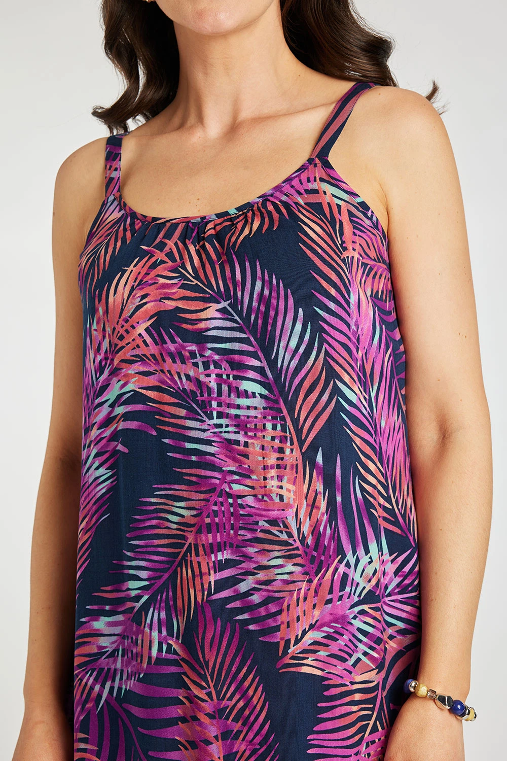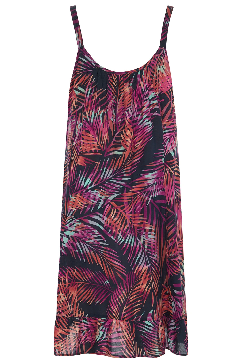 Keep cool and look fresh in this lightweight sundress. With its floaty shape, it is easy to pull on over your swimsuit ready for the beach or pool. The design features an all-over palm print on a navy base, giving it just a touch of summer pattern.
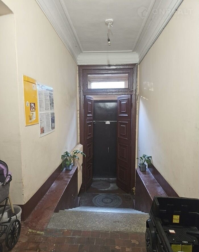 Высокие потолки 3,2 м в комнате лепнина, окна выходят в тихий, зеленый двор с детской площадкой.
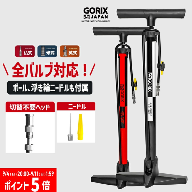 GORIX株式会社(所在地:大阪市東淀川区、代表取締役:長野明)の自転車パーツブランド「GORIX」は、楽天市場店にて2022/9/4(日)20:00~9/11(日)1:59に楽天スーパーSALEを開催。バーテープ、サイクルスタンド、空気入れ、ポーチ、バッグなどが最大83%OFFとなる楽天ビッグセールです。
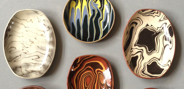 In this two-hour mini workshop you’ll learn how to use liquid clay slips and carved lines to build intricate surface designs. Working on soft clay slabs, we’ll demonstrate how to draw with slip, carve decorative lines and fill them with contrasting colours to produce striking patterns and textures.
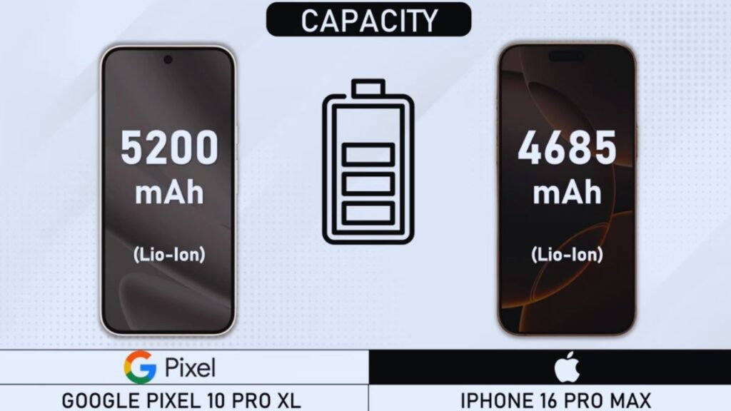 Pixel clearly offers bigger battery and faster charging, though iPhone compensates with efficient power management.
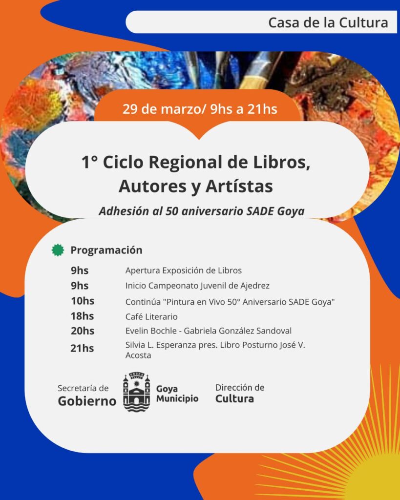 Este sábado concluye el 1° Ciclo Regional de Libros, Autores y Artistas, en adhesión al 50 aniversario de la Sociedad Argentina de Escritores Filial Goya, con una programación renovada casi en su totalidad y la presencia de distintas editoriales que ofrecen títulos de interés.
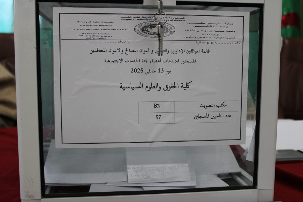 يوم 13 جانفي 2026، إجراء انتخابات لجنة الخدمات الاجتماعية لجامعة حسيبة بن بوعلي بالشلف، على مستوى فرع الاقتراع بكلية الحقوق والعلوم السياسية، وذلك من أجل اختيار ممثلي الموظفين والأساتذة.
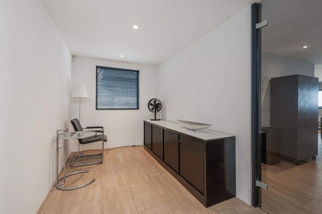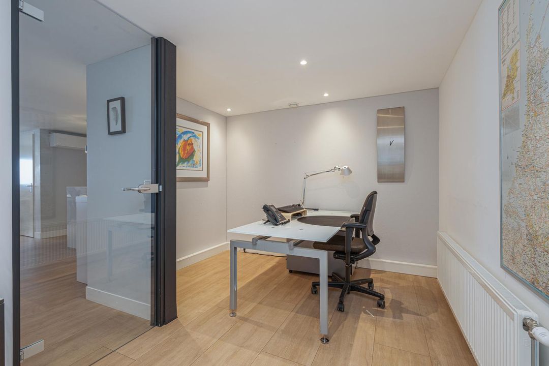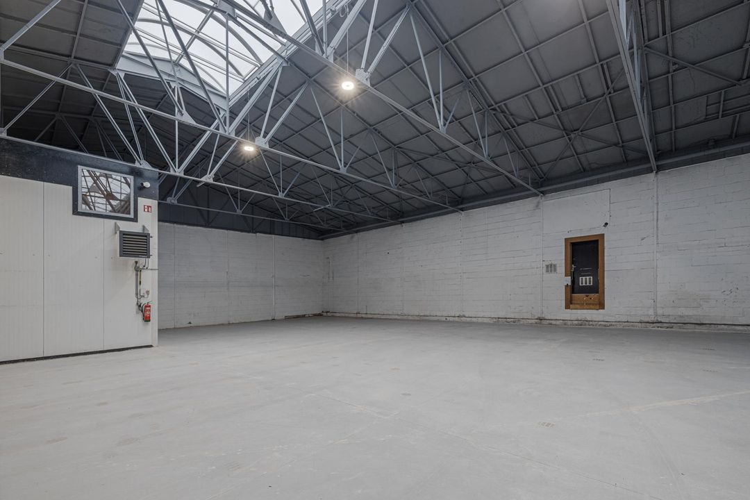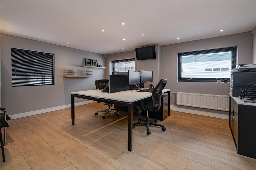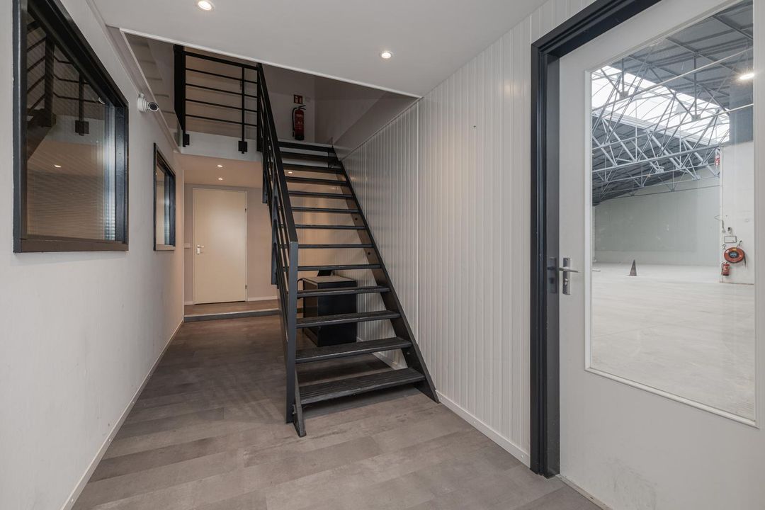 Landing with access to two offices of approx. 14 and 32 m². The 32 m² office is located at the front and has laminate flooring, recessed spotlights, radiators, air conditioning and a kitchen. There is also a storage room of approx. 3.5 m². The office of approx. 14 m² is accessible through a glass door and also has neat laminate flooring and a window overlooking the industrial hall.
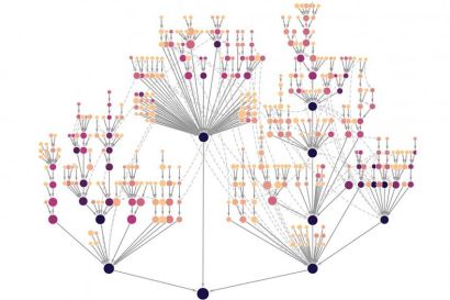 A birds-eye depiction of the findings from the Quantitative Biosciences Institute’s recent work on cancer. Each node represents a protein system and darker-colored nodes are more likely to be involved in cancer.
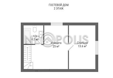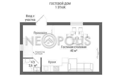 1 этаж: прихожая, кухня, гостиная-столовая, санузел.
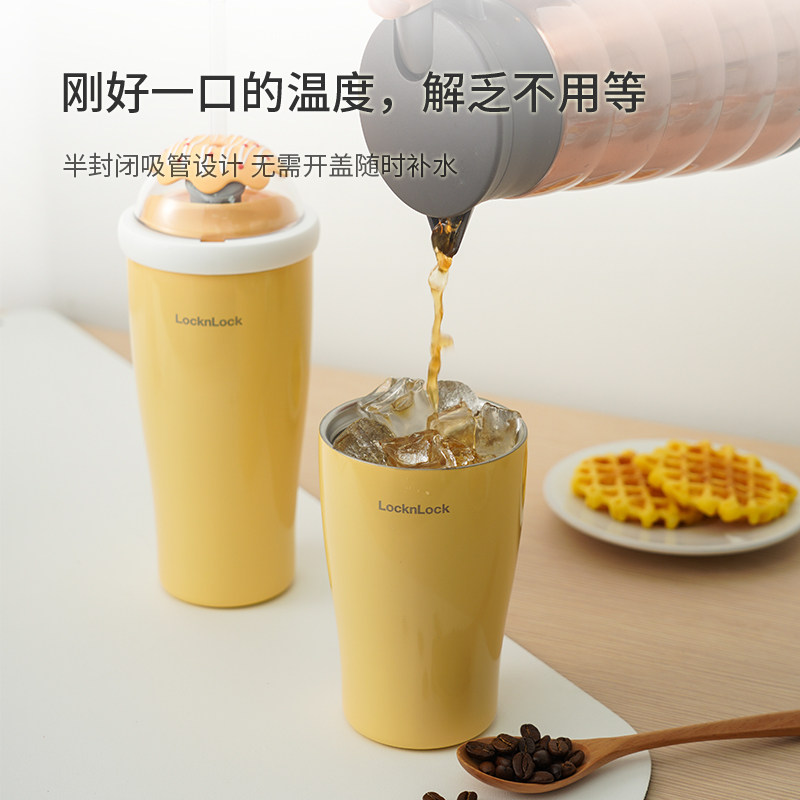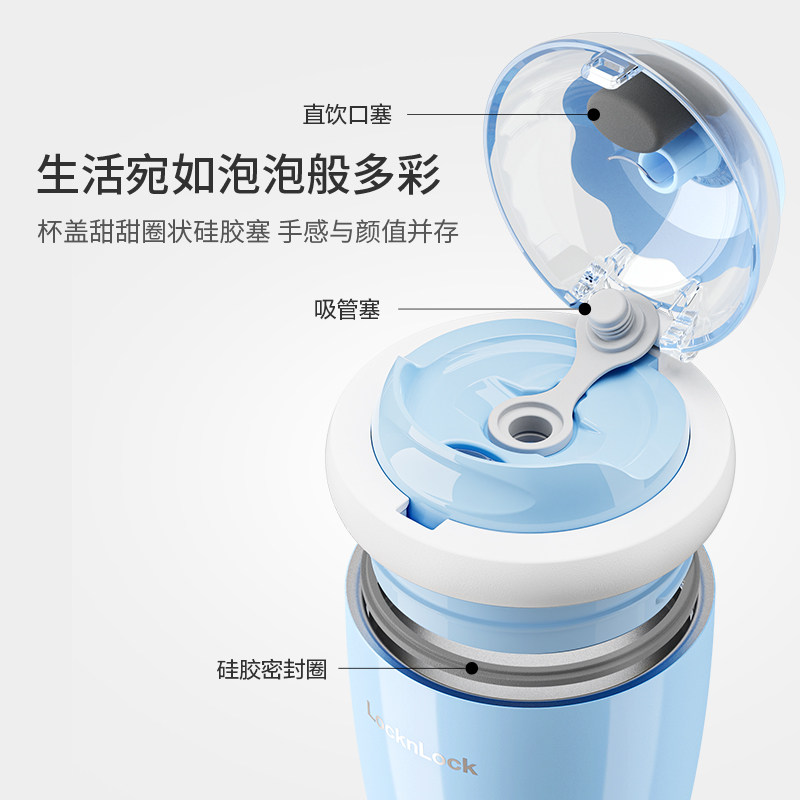 📚 乐扣乐扣泡泡保温杯女吸管咖啡杯316不锈钢水杯高颜值办公室情侣
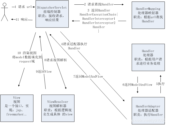 3、处理器映射器根据请求url找到具体的处理器,生成处理器对象及处理器拦截器(如果有则生成)一并返回给DispatcherServlet。
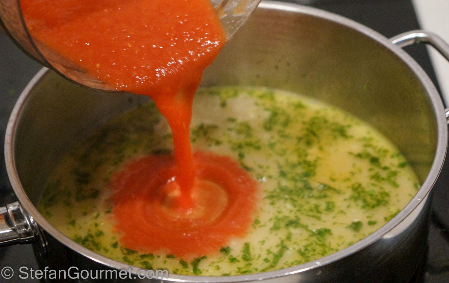 1/2 can (200 grams/7 oz) peeled tomatoes, pureed in the food processor
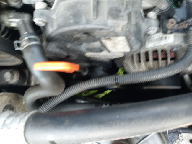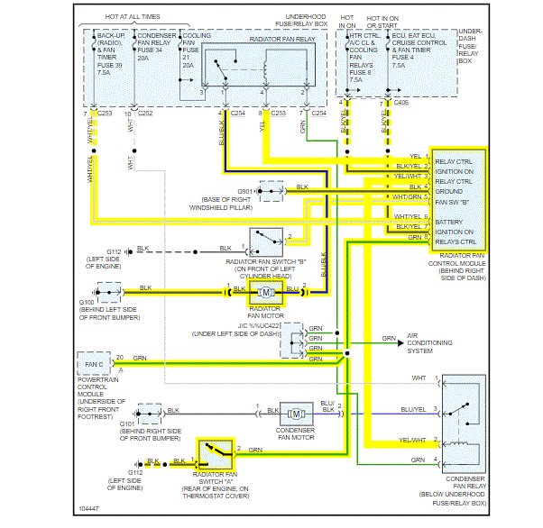 Why did the radiator fan not come on? I begin to look for leaks or problems around the entire radiator, hoses and engine. I did not see any except the white spots scattered on or near the hose, possibly coolant stains from the radiator. With the engine running and ac at max, I placed a cardboard layer under the engine and checked for leaks. On the drivers side underneath the engine, I began to see water dripping continuously onto the cardboard. I could not see where precisely the water was coming from. I was wondering if it was coming from the water pump, A/C condenser or a leak in that small area. The radiator fan never comes on. The A/C cooling fan turned off when I turned the A/C off. I captured a quick video of the water dripping underneath the passenger side of the engine, the fans, engine and no smoke coming from the tailpipe. During my 5 minute inspection, the engine ran smooth at normal temperature during the whole time. Is it the radiator fan, the water pump, radiator cap or what and where is that dripping water coming from? It stopped dripping when I turned off the A/C.
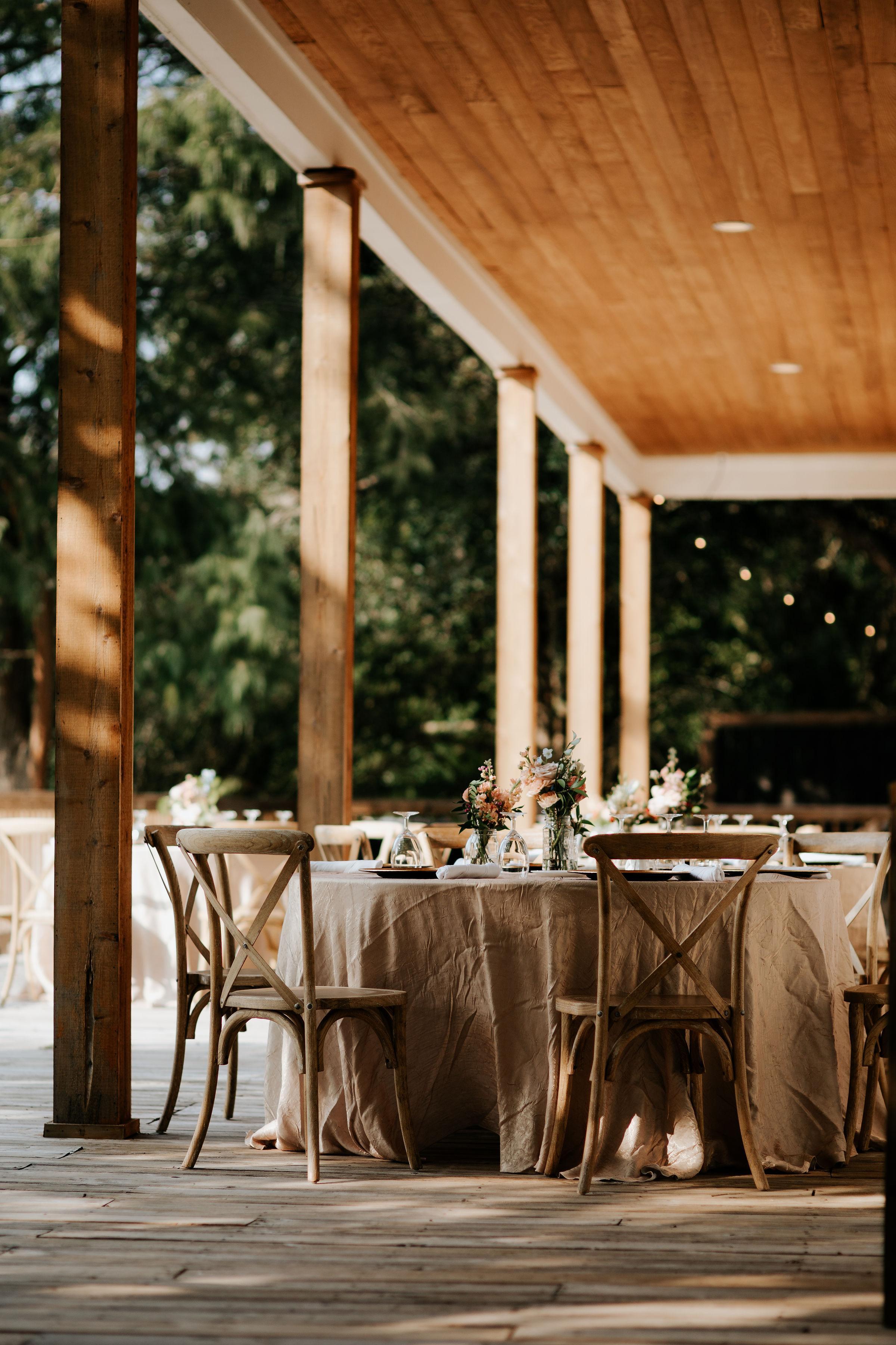 - Tables, Chairs, Linens, and China (there are options) - 4 Wooden Trestle tables that can be used for a Sweetheart or Head Table - Lounge Area - Coffee Credenza - Wooden Buffet for Cards and Gifts - Trendy Gold Circle Mirror - 3 Gold Chandeliers - Full-Service Catering - Non-Alcoholic Beverages - Cake Service - Outdoor Fireplace with Seating - Bistro Lights - Gazebo
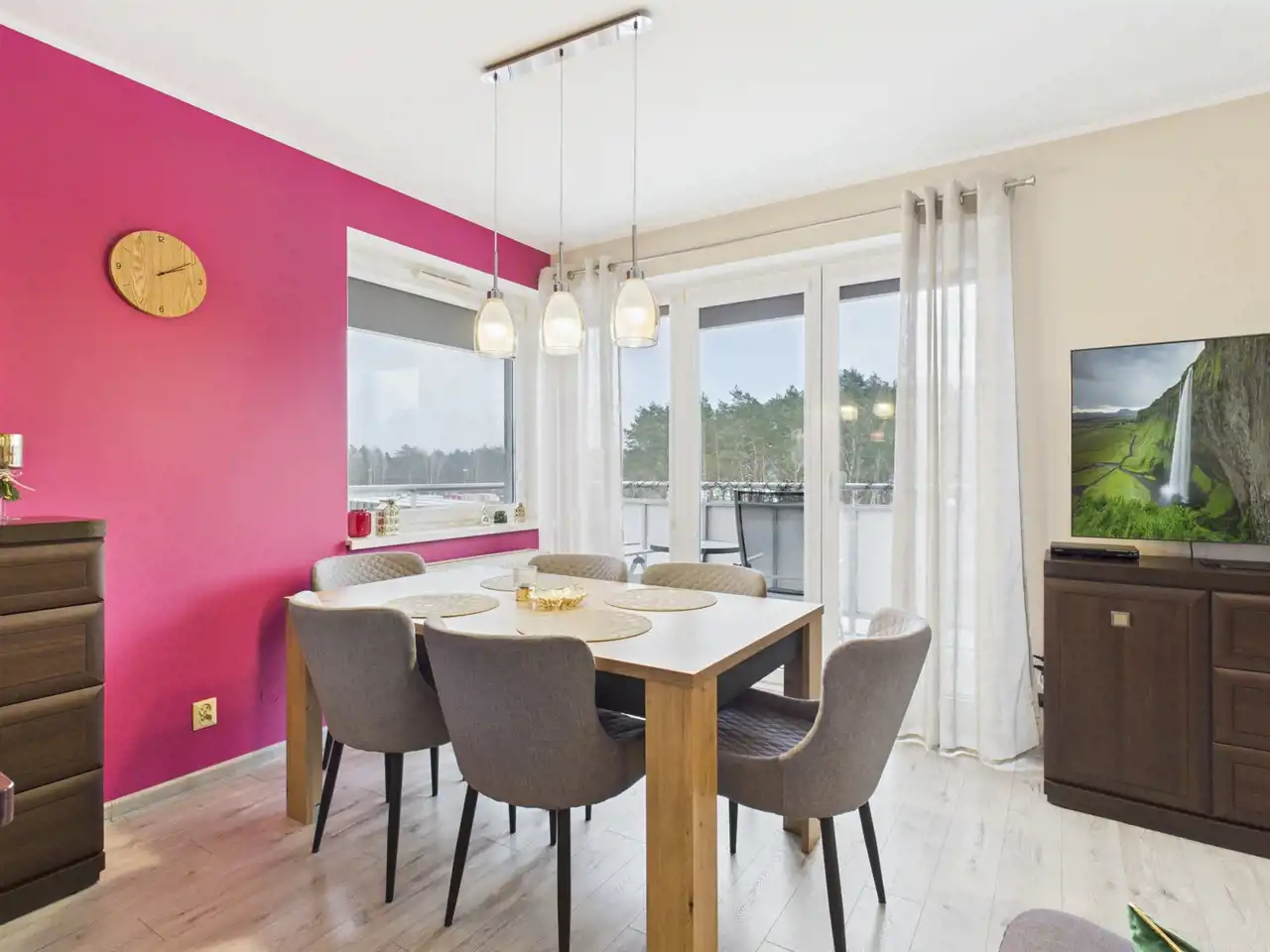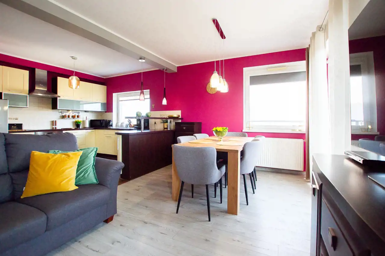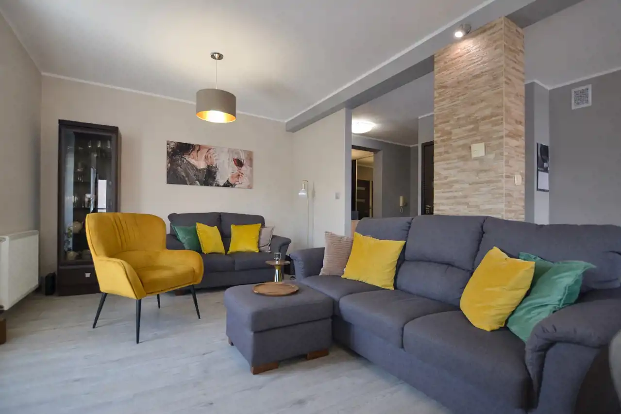 Mieszkanie zostało wykończone z dbałością o najmniejsze detale. Sąsiedztwo rzeki i spokojna okolica zapewni komfort mieszkańcom.

======

> Your task: The exact lines from the beginning of the data through the one that contains "Landing with access" must be given again, both ends included, and pictures must be left out.

> Solution for this task:
 Keep cool and look fresh in this lightweight sundress. With its floaty shape, it is easy to pull on over your swimsuit ready for the beach or pool. The design features an all-over palm print on a navy base, giving it just a touch of summer pattern.
 Высокие потолки 3,2 м в комнате лепнина, окна выходят в тихий, зеленый двор с детской площадкой.
 GORIX株式会社(所在地:大阪市東淀川区、代表取締役:長野明)の自転車パーツブランド「GORIX」は、楽天市場店にて2022/9/4(日)20:00~9/11(日)1:59に楽天スーパーSALEを開催。バーテープ、サイクルスタンド、空気入れ、ポーチ、バッグなどが最大83%OFFとなる楽天ビッグセールです。
 In this two-hour mini workshop you’ll learn how to use liquid clay slips and carved lines to build intricate surface designs. Working on soft clay slabs, we’ll demonstrate how to draw with slip, carve decorative lines and fill them with contrasting colours to produce striking patterns and textures.
 Pixel clearly offers bigger battery and faster charging, though iPhone compensates with efficient power management.
 Este sábado concluye el 1° Ciclo Regional de Libros, Autores y Artistas, en adhesión al 50 aniversario de la Sociedad Argentina de Escritores Filial Goya, con una programación renovada casi en su totalidad y la presencia de distintas editoriales que ofrecen títulos de interés.
 يوم 13 جانفي 2026، إجراء انتخابات لجنة الخدمات الاجتماعية لجامعة حسيبة بن بوعلي بالشلف، على مستوى فرع الاقتراع بكلية الحقوق والعلوم السياسية، وذلك من أجل اختيار ممثلي الموظفين والأساتذة.
 Landing with access to two offices of approx. 14 and 32 m². The 32 m² office is located at the front and has laminate flooring, recessed spotlights, radiators, air conditioning and a kitchen. There is also a storage room of approx. 3.5 m². The office of approx. 14 m² is accessible through a glass door and also has neat laminate flooring and a window overlooking the industrial hall.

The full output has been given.